11. Pass threshold: If the output type is Score, set the minimum score required for an output to pass the evaluation. Choose either the ‘Greater than’ or ‘Less than’ option and then enter a threshold value (For example, from 1 to 5). These options help distinguish between positive and negative evaluators, allowing you to adjust the evaluation based on the desired outcome.
  - For Positive Evaluators (or evaluators where a higher score is better, such as Completeness), the output is considered "good" if the score exceeds the threshold. For example, if the Completeness evaluator returns a score greater than 2.5, the result will be marked green, indicating that it meets the expected quality level.
  - For Negative Evaluators (such as Toxicity, where a lower score is better), a score above the threshold indicates a problem. For example, if the Toxicity evaluator returns a score greater than 2.5, it will be marked red, signaling that the output contains undesirable levels of toxic content.
Click Save to save the evaluator configuration.

Mapping Variables: Link Evaluator Prompts to Your Dataset¶

When setting up an AI evaluator, variable mapping is a crucial step.
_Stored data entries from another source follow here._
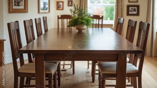 A large, polished wooden dining table with matching chairs fills a bright, inviting dining room.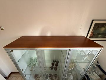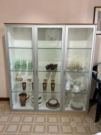I mobili presentano finiture di qualità e sono stati mantenuti con molta cura. I prezzi per i singoli pezzi sono di 150 euro per la credenza, 150 euro per la vetrina e 80 euro per il tavolo, ma per chi acquista il set completo il prezzo totale è scontato a 350 euro. Il ritiro è a mano e a carico dell'acquirente.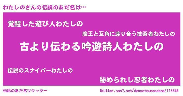 | ヒーロー風カッコイイあだ名 | 『ネオワタシノ』『天弓騎士ワタ』 |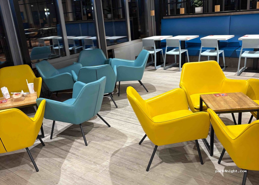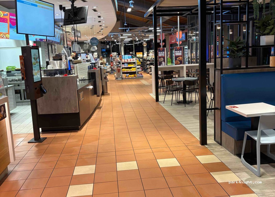 Nice rest area, clean, there is a BurgerKing, Restaurant, Coffee Fellows, Shop, comfortable seating area. My dog is allowed inside. Friendly staff gave him water and some free chicken nuggets.

This is where the user connects the variables in the evaluator's prompt to the corresponding columns in the dataset.

Variables in the Prompt: The evaluator’s prompt contains variables, indicated in double curly braces. For example, {{input}}, {{output}}, {{query}}. These variables are placeholders for your dataset columns and will appear on the left side of the Variable column. For example, in a Query Relevance evaluator, the prompt might include variables like {{query}} for the user query, {{input}} for the input text, and {{output}} for the model's response.
Left Side - Prompt Variables: The left side of the mapping section shows the variables from the evaluator's prompt. This section is auto-populated by the system.
Right Side - Dataset Columns: The right side displays the columns from your imported dataset. You must select the correct columns from the dataset to match each variable in the prompt. For example:
- Map {{input}} to the corresponding input column in your dataset.
- Map {{output}} to the output column.
Safety Evaluators: For safety evaluators like Bias Detection or Toxicity, you may need to configure additional key-value pairs. These evaluators often provide binary (pass/fail) results, so map the relevant columns accordingly.

By correctly mapping the variables, you ensure the evaluator receives the right data and produces accurate results.

Key Highlights¶

Evaluators are used to assess model performance by comparing its outputs against predefined criteria.
System evaluators are pre-built and cannot be modified, offering ready-to-use options for evaluating common aspects of model performance, such as quality and safety metrics. Custom evaluators offer flexibility for users to create custom evaluators tailored to their specific needs.
Variable mapping is crucial when adding evaluators, as users must link the variables in the evaluator's prompt to the appropriate dataset columns to ensure accurate evaluation results.